This is a temporary holding tank the clay pots are needed to keep roots contained for replanting in other tanks.


----------



## mattinmd (Aug 16, 2014)

Teebo said:


> *The container on the floor is holding 'emerging plants' I change the water about twice a week in this tub and the ceramic pots breath the water and nutrients in and out...see the rainbow blotches that look like oil? Is this excess nutrients surfacing?? I know house plants turn yellow when over watered and get crispy when over fertilized but the plants that emerge are turning yellow they live in water so does yellowing aquatic plants mean nutrient burn? *


So, the rainbow blotches aren't excess nutrients surfacing per-se... Pretty much all the plant nutrients form salts, not oils. 

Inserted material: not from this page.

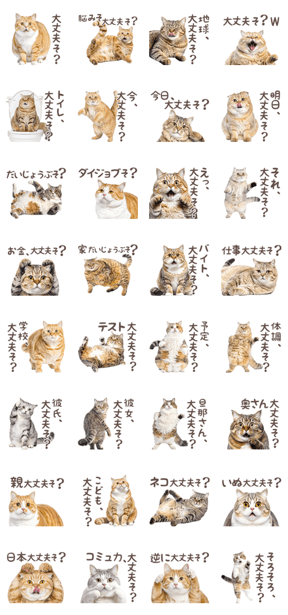 リアル可愛いでぶネコの写真スタンプ。ねぎらい励まし心配する気遣い面白いネタゆるいだるい。ネガティブポジティブな推しねこ科動物家族先輩友達のプレゼントにおすすめ

I would suspect it is oil, coming from something oily in the substrate, on the pots, or on your hands sometime when you were working in the tank.

When it comes to nutrient burn, it is possible to burn aquatics, but not terribly common. It is in part less common because most tanks have some kind of aquatic critters in them, and they generally ends up dying off long before plants show any kind of fertilizer burn. You don't really have any critters, so you don't really have that warning sign, and it is possible you could be burning them.. or it could be deficiency, which is more typical in aquatics. Does the water show high ammonia levels (>1ppm)?



As for your algae, what kind of lighting do you have over those tanks? I know you've got it on a timer, but how long is it on/off?


----------



## Teebo (Jul 15, 2015)

*First off thank you for all your help, no I do not have any critters and I do not have a test kit right now* 

*I have a 9w LED bulb @ 10k and a 10w floodlight @ 6500k halfway over the tank also lighting plants on the floor. On for 8-10 hours a day *

*That white stuff on the heater has gotten worse I pulled it out and let it dry overnight...smells like cheddar cheese lol it attacks just that type of rubber apparently:*










*This is the other tank with the same heater:*










*I am thinking it may be from the Watershield (Brasenia)? The new growth is always encased in a jelly substance you cant even wash off I assume to keep the new growth water sealed, it appears to be breaking off with some new growth could that be it? *










*Some of the leaf pads get spots on them before they even reach the surface as if they rot too quickly?*


----------



## Teebo (Jul 15, 2015)

*Old thread but...I wanted to update it on a new soil type I found. Its called Just Natural Organic and its contents are a little different. It has less nitrogen but more phosphates...I am going to try it out!*


----------